Nu gaat het in de roman waar ik de zin in las, Walter (Wereldbibliotheek, Amsterdam 2011, pagina 31) over een splinter van de vloer van een slaapzaal in een klein-seminarie in Noord-Brabant in 1953; ik vermoed (inderdaad, ik weet niets van rooms-katholieke architectuur) dat bij de bouw daarvan weinig met bamboe werd gewerkt. Dat moet toch ook in de overweging worden betrokken, met andere woorden: het kan zijn dat Rovers zijn hoofdpersoon, Walter, bij wie de focalisatie ligt, niet verder laat kijken dan zijn neusje lang is of dan zijn eikenhouten dormitorium klein was.

Daar komt nog bij dat Walter (plm. 13 jaar oud in het betreffende hoofdstuk) door die splinter terugdenkt aan een preek van een pater die refereerde aan de doornenkroon van Jezus van Nazaret die, voor zover ik de dominee eertijds goed begrepen heb, niet van bamboe was gefabriceerd (diens doornenkroon, bedoel ik).
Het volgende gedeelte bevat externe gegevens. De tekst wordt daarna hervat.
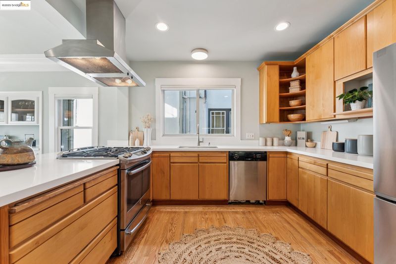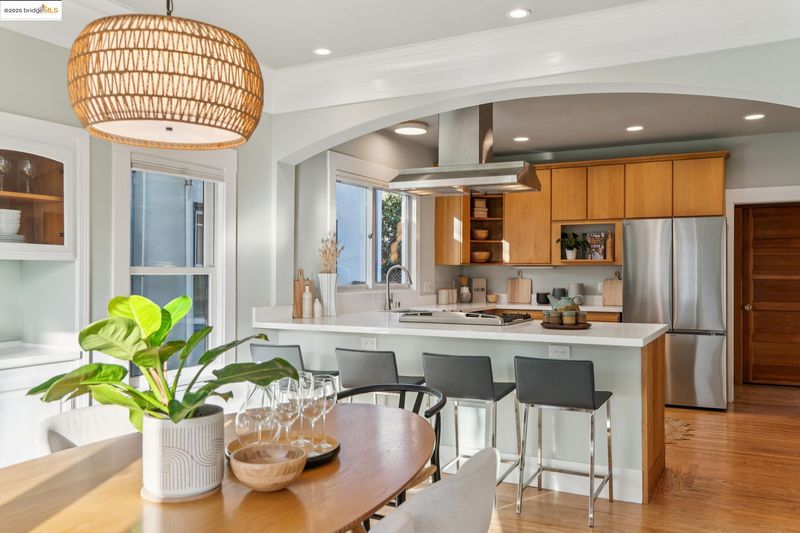 A beloved family home on a quiet cul de sac in one of Berkeley’s favorite neighborhoods! 3033 Regent Street is in the heart of the Elmwood, known for its beautiful architecture, tree lined streets, historic commercial district, popular shops and eateries, its own movie theater, not to mention a Julia Morgan designed live performance theater. Quintessential Berkeley at its best. This classic Craftsman home features four bedrooms, two bathrooms, great flow from the spacious, updated kitchen to the formal dining room and living room, plus a family room that opens onto a sunny deck and backyard. Original built-ins plus more recent beautiful custom fir woodwork, hardwood floors, picture rails, multi-light windows and custom shoji screens built by a master woodworker. Enjoy tranquil views of the Berkeley hills from the upper bedrooms, a skylit bathroom and generous light throughout. The home exudes an organic warmth that ties into the beautifully landscaped and tranquil Zen garden with bamboo, maple and river rocks. 93 Walkscore and 98 Bikescore!

De nieuwe bijbelvertaling heeft het over doorntakken als basismateriaal van dat sarcastische ornament, lees ik op Wikipedia.

Ik tik verder en wacht intussen op een interessante suggestie van een plantkundige bioloog op mijn tweede vraag.

Nog voor ik een antwoord kon gaan bedenken op de eerste vraag, trof mij de herinnering aan een andere tweedelige zin met nevenschikkend voegwoord, die ik reeds had gelezen en geciteerd voor ik was begonnen aan het lezen van de roman van Rovers. Die zin trof ik aan in een recensie in De gids van 1933 door Martinus Nijhoff van Jeanne van Schaik-Willings roman Uitstel van executie (1932):

De puinhoop is niet het leven, maar het gras dat er groeit.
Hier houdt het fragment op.